> _Work to complete_: Pictures in the records below are skipped; the rest is copied exactly.

_ _ _ _ _

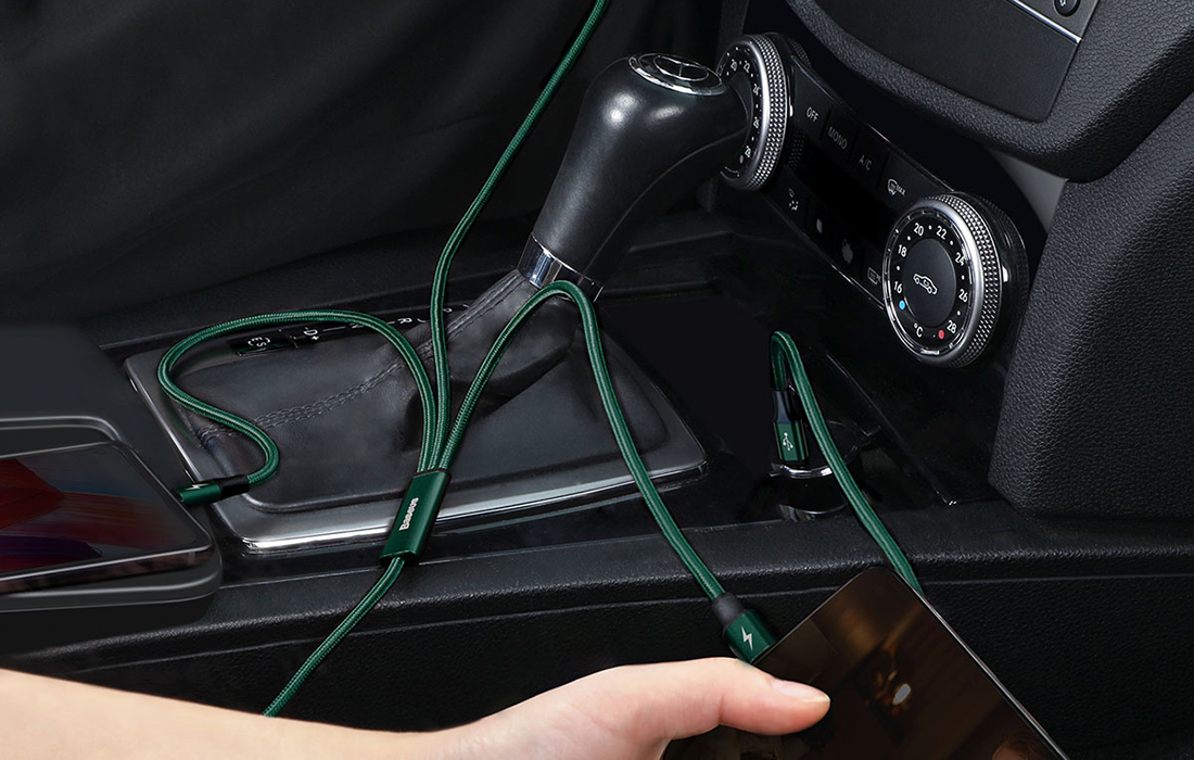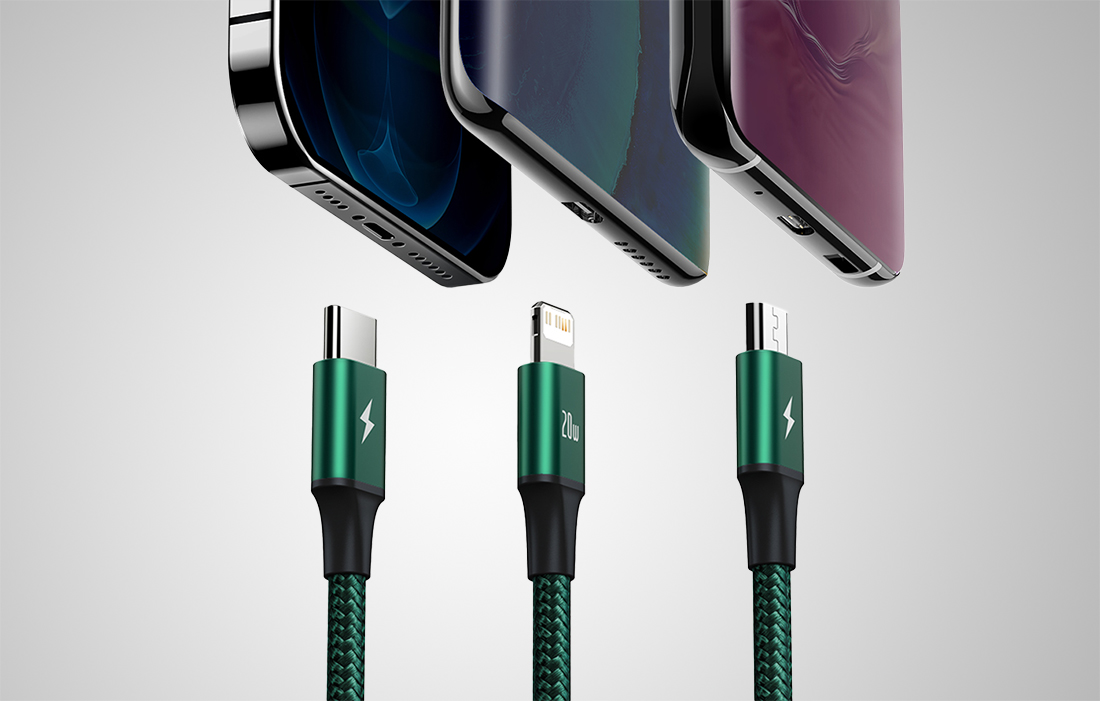 Jetzt können Sie bequem bis zu drei Geräte gleichzeitig laden. Das USB-C-auf-USB-C-, Lightning- und Micro-USB-Kabel der Marke Baseus ist nicht nur zu Hause, sondern beispielsweise auch im Auto einsetzbar. Es unterstützt Schnellladen (PD 20 W und 18 W) und ermöglicht die Datenübertragung mit bis zu 480 Mbit/s (nur über den Lightning-Anschluss). Es ist außerdem äußerst robust und langlebig – es wird Ihnen lange gute Dienste leisten.
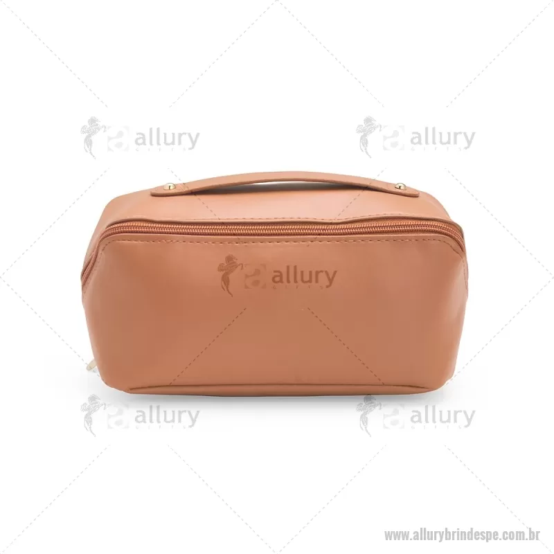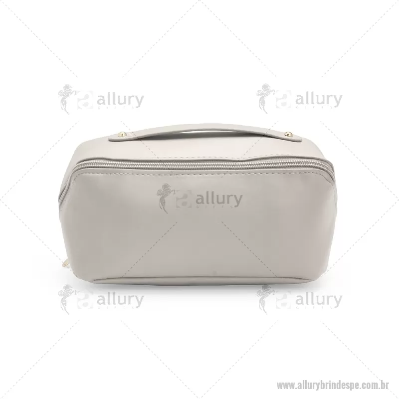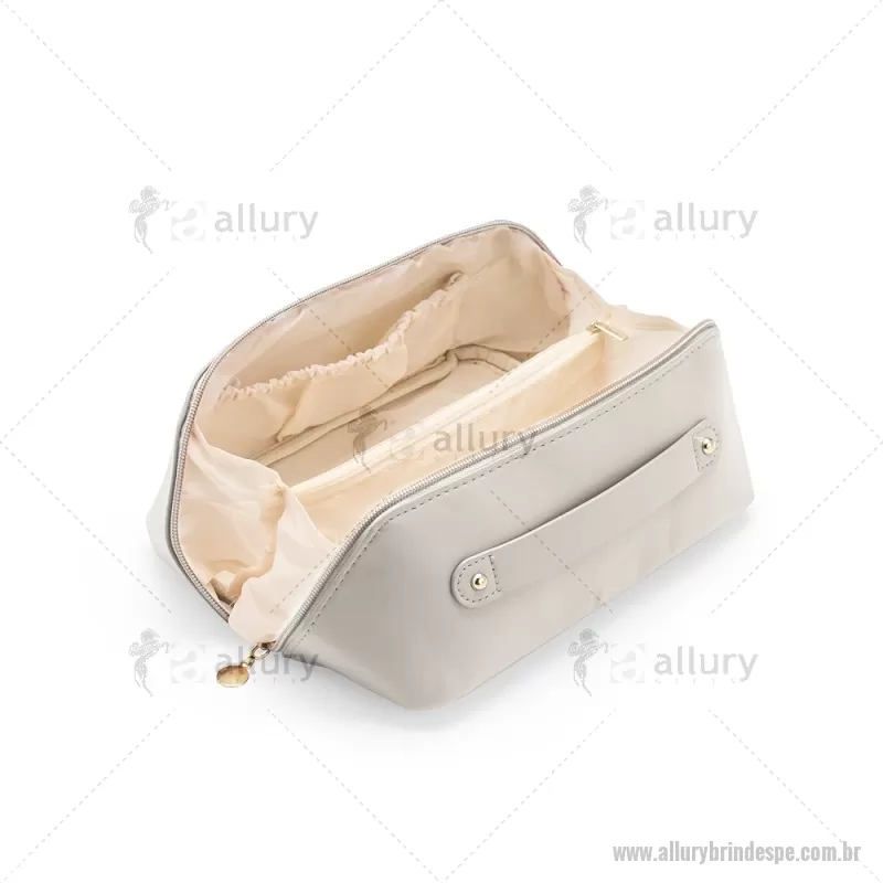 Nécessaire em (PU) poliuretano impermeável com abertura em 180 graus inspirada no formato de concha. O compartimento interno conta com dois bolsos laterais abertos e um, localizado na parte central, com fechamento em zíper. Possui alça para transporte. Altura : 11 cm x Largura : 22,5 cm x Profundidade : 9,5 cm Peso aproximado (g): 108 - - ALLPENC143
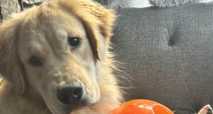 Charlie is a calm, collected, laid back Golden who wants nothing more than to make her people happy! She is an AKC Grand Champion and is currently in training to be a Therapy dog. Even though she's calm, she still has plenty of energy! She loves going on hikes and walks, and loves chasing a ball or frisbee! That said, her absolute favorite spot is curled up on the couch next to us!
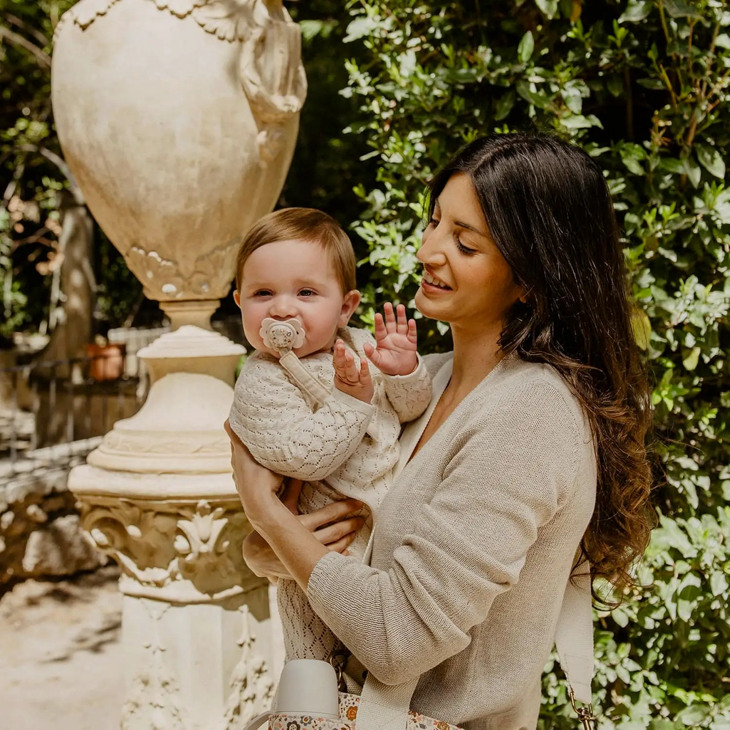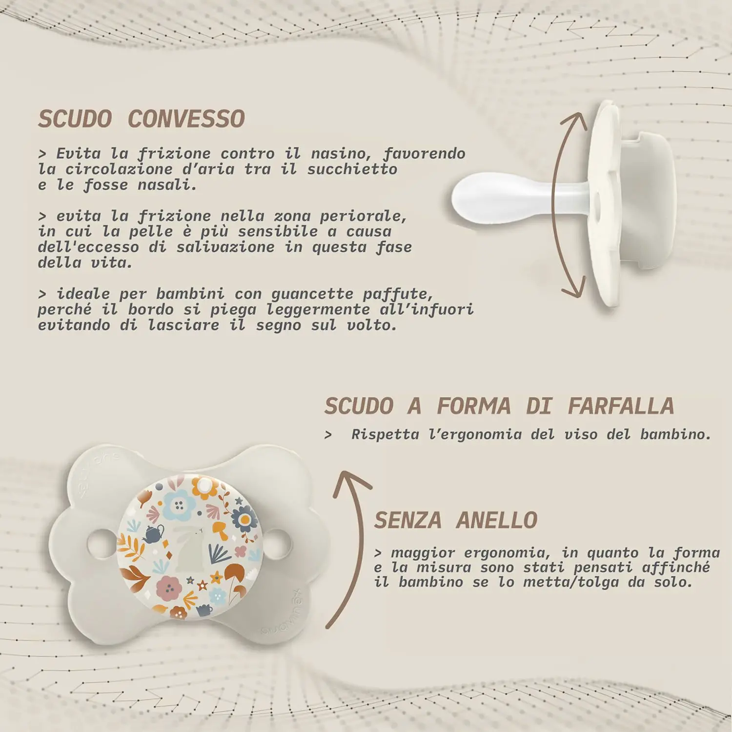 Anti-irritation comfort and self-use The convex shield prevents skin marks and irritation in the perioral area. The absence of the ring promotes the child's autonomy. Compatible with Wonderland fabric chains for safe and convenient use.
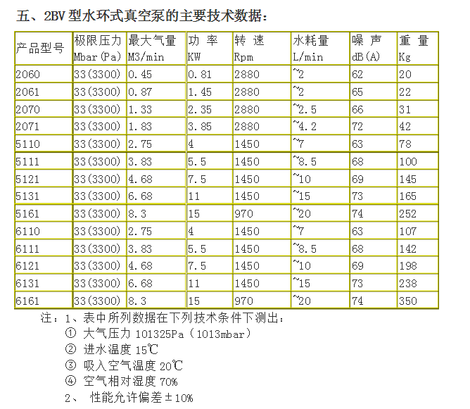 在2BV真空泵蓋上安裝有園盤,園盤上設(shè)有吸、排氣孔和柔性排氣閥片,柔性閥片的作用是當(dāng)葉輪葉片間的氣體壓力達(dá)到排氣壓力時(shí),在排氣口以前就將氣體排出,減少了因氣體壓力過(guò)大而消耗的功率、從而降低率消耗。四、2BV型水環(huán)式真空泵的產(chǎn)品說(shuō)明:
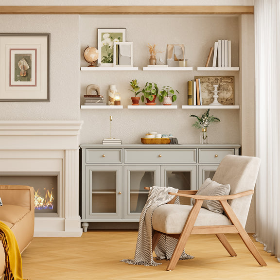 Our floating shelves wood bring functionality to daily living; They create versatile storage space with various combinations, can pair with various styles of home and furniture, will be an ideal choice for wall decoration in rooms, bedrooms, and bathrooms.
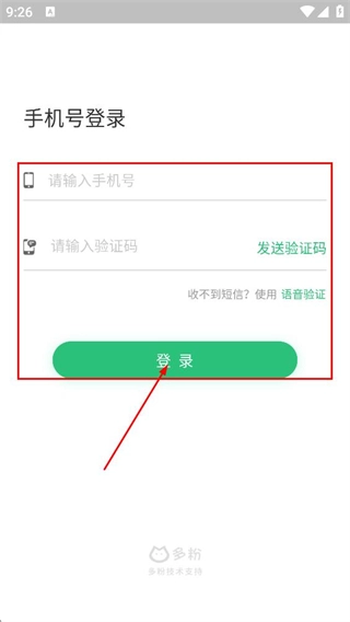 在手机号登录页面,输入手机号、填写收到的验证码,然后点击登录按钮。
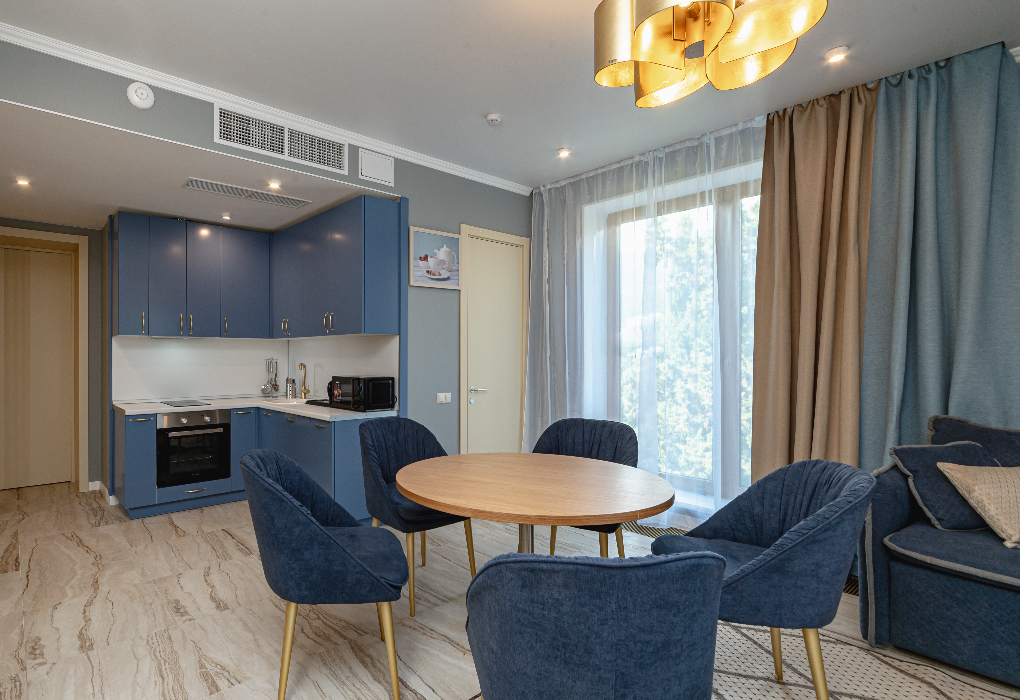 Площадь номера - 70,1 кв.м. 3 комнаты. 4 осн. места. располагаются на всех этажах. В номере: телевизор; кондиционер; душ; фен; набор посуды; сейф; халаты; тапочки; пляжное полотенце; 2-спальная кровать; 2 балкона; мини-холодильник; чайник; санузел; чайный набор; кухонный уголок. 1 доп. место:

_ _ _ _ _

> _Result of this task_:
 Jetzt können Sie bequem bis zu drei Geräte gleichzeitig laden. Das USB-C-auf-USB-C-, Lightning- und Micro-USB-Kabel der Marke Baseus ist nicht nur zu Hause, sondern beispielsweise auch im Auto einsetzbar. Es unterstützt Schnellladen (PD 20 W und 18 W) und ermöglicht die Datenübertragung mit bis zu 480 Mbit/s (nur über den Lightning-Anschluss). Es ist außerdem äußerst robust und langlebig – es wird Ihnen lange gute Dienste leisten.
 Nécessaire em (PU) poliuretano impermeável com abertura em 180 graus inspirada no formato de concha. O compartimento interno conta com dois bolsos laterais abertos e um, localizado na parte central, com fechamento em zíper. Possui alça para transporte. Altura : 11 cm x Largura : 22,5 cm x Profundidade : 9,5 cm Peso aproximado (g): 108 - - ALLPENC143
 Charlie is a calm, collected, laid back Golden who wants nothing more than to make her people happy! She is an AKC Grand Champion and is currently in training to be a Therapy dog. Even though she's calm, she still has plenty of energy! She loves going on hikes and walks, and loves chasing a ball or frisbee! That said, her absolute favorite spot is curled up on the couch next to us!
 Anti-irritation comfort and self-use The convex shield prevents skin marks and irritation in the perioral area. The absence of the ring promotes the child's autonomy. Compatible with Wonderland fabric chains for safe and convenient use.
 在2BV真空泵蓋上安裝有園盤,園盤上設(shè)有吸、排氣孔和柔性排氣閥片,柔性閥片的作用是當(dāng)葉輪葉片間的氣體壓力達(dá)到排氣壓力時(shí),在排氣口以前就將氣體排出,減少了因氣體壓力過(guò)大而消耗的功率、從而降低率消耗。四、2BV型水環(huán)式真空泵的產(chǎn)品說(shuō)明:
 Our floating shelves wood bring functionality to daily living; They create versatile storage space with various combinations, can pair with various styles of home and furniture, will be an ideal choice for wall decoration in rooms, bedrooms, and bathrooms.
 在手机号登录页面,输入手机号、填写收到的验证码,然后点击登录按钮。
 Площадь номера - 70,1 кв.м. 3 комнаты. 4 осн. места. располагаются на всех этажах. В номере: телевизор; кондиционер; душ; фен; набор посуды; сейф; халаты; тапочки; пляжное полотенце; 2-спальная кровать; 2 балкона; мини-холодильник; чайник; санузел; чайный набор; кухонный уголок. 1 доп. место:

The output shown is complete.